Chugging along, keeping my feet light and I’m standing tall, flat suburban streets, something like 5-7 water stops for 6 miles, grab and go for most of them but paused at mile 4 (where I was starting to feel that familiar “can we stop now, please?” And again wondering, “whom am I asking?”) to pull it together, I am pushing as hard as I can but slowing down to 7:38 and at the turnaround there are those familiar guys again, and it doesn’t matter that I’m passing collegiate athletes and guys in their 30s, the guys I want to pass are too far ahead to catch. I pull through, trying to break 7:30 min/miles, at least, and then burst through onto that last grassy 2/10th of a mile to the FINISH! LINE!
And i’ve done 45:12, or 7:18 min/mile avg, some 40 seconds faster than last year’s 45:55 (7:20).
Ultimately, I did 2:28:10, almost a 5-minute PR for this course (last year I called my 2:32:59 a “2:32”; this year it’s a “2:33″…) consisting of 2 minutes off the swim, the same bike time, almost a minute off the run – and 2 minutes off T1 (because I found my bike right away, this time…). for 8/77 AG, 46/768 OA.

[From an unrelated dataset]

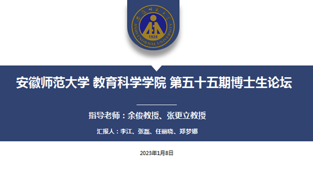 2023年1月8日14:00—17:10,教科院教育学专业第五十五期博士论坛依托腾讯会议(会议号:956-646-007)在线开展。本次论坛的指导教师为余俊教授、张更立教授,李江、张磊、任丽晓、郑梦娜四位博士生就最近的科研成果分别进行汇报。我院共38位教师和博士生参加了本期论坛。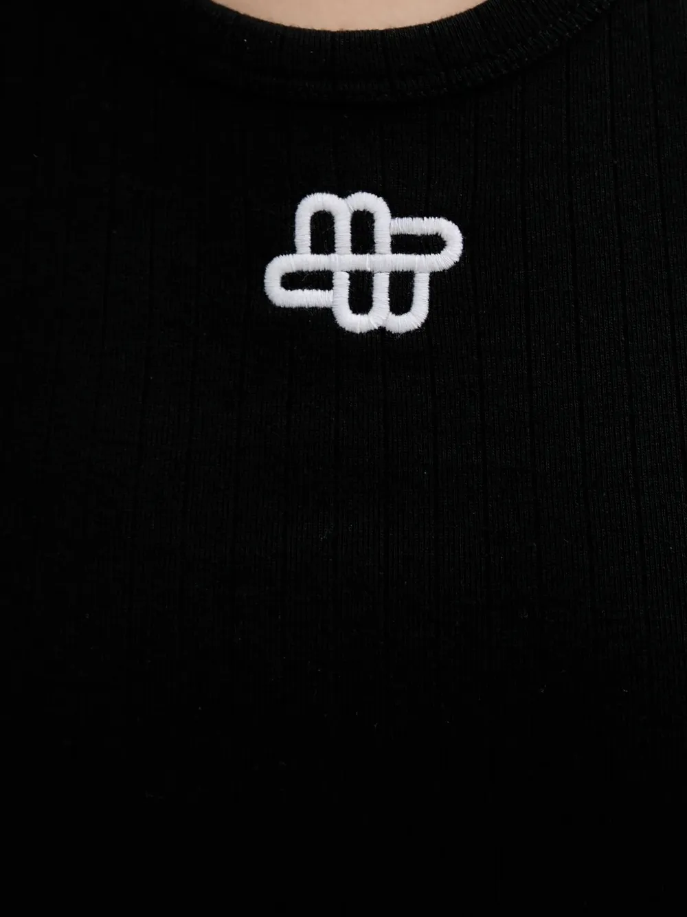 Черная рубчатая ткань, без рукавов, длина макси, круглый вырез, вышитый логотип

I’d LIKE to sum up with how it’s taken me three days to get over my misdirected disappointment not to have ranked better in my AG, and instead to find the better bottom line: a 5-minute course PR is an achievement worthy of the endeavor, and the only thing I really can “control” or at least own and take some degree of satisfaction. I’d LIKE to finish that way, but I can’t because of the awful denouement:
After the race had finished, i’d had a massage, had some beer, saw high school friend Scott Shaefitz playing bass with band (wow!), turned on my phone to call my wife, I saw and responded to her text: “call me soon, something has happened.” Turns out, my parents actually DID show up to cheer me on, and saw me come out of the swim, missed me coming out of T1, but at the end of the bike, Dad had crossed the street so he could photograph me at the end of the bike and Mom stayed by the dismount area and A CYCLIST JUMPED THE CURB AND HIT MY MOTHER! Must have gotten his cleats stuck in the pedals, or attempted a flying dismount. And, she tells me (from the ER at the hospital!) this guy just grabbed his bike and continued with his race! Oh, my God, I am so frightened her pelvis or some other bone is shattered, she’s mumble, mumble years old and a broken bone could really change her life, and I say goodbye and shout the bad news to all the Hastings folks gathered post-race (so much for THAT photo opp) and drive too fast to the hospital and… She’s ok. We wait awhile with Dad to get CAT scan results, and she has a severe and painful bruise on her backside, but ultimately no broken bones and no head injury. She takes Advil instead of the prescription painkillers and is using a cane – but she proudly chalks up her doing so well to doing her daily exercises.
And it’s a shame she didn’t finish (DNF) the race, because she’d be the youngest in her age group, and had a real chance at the podium.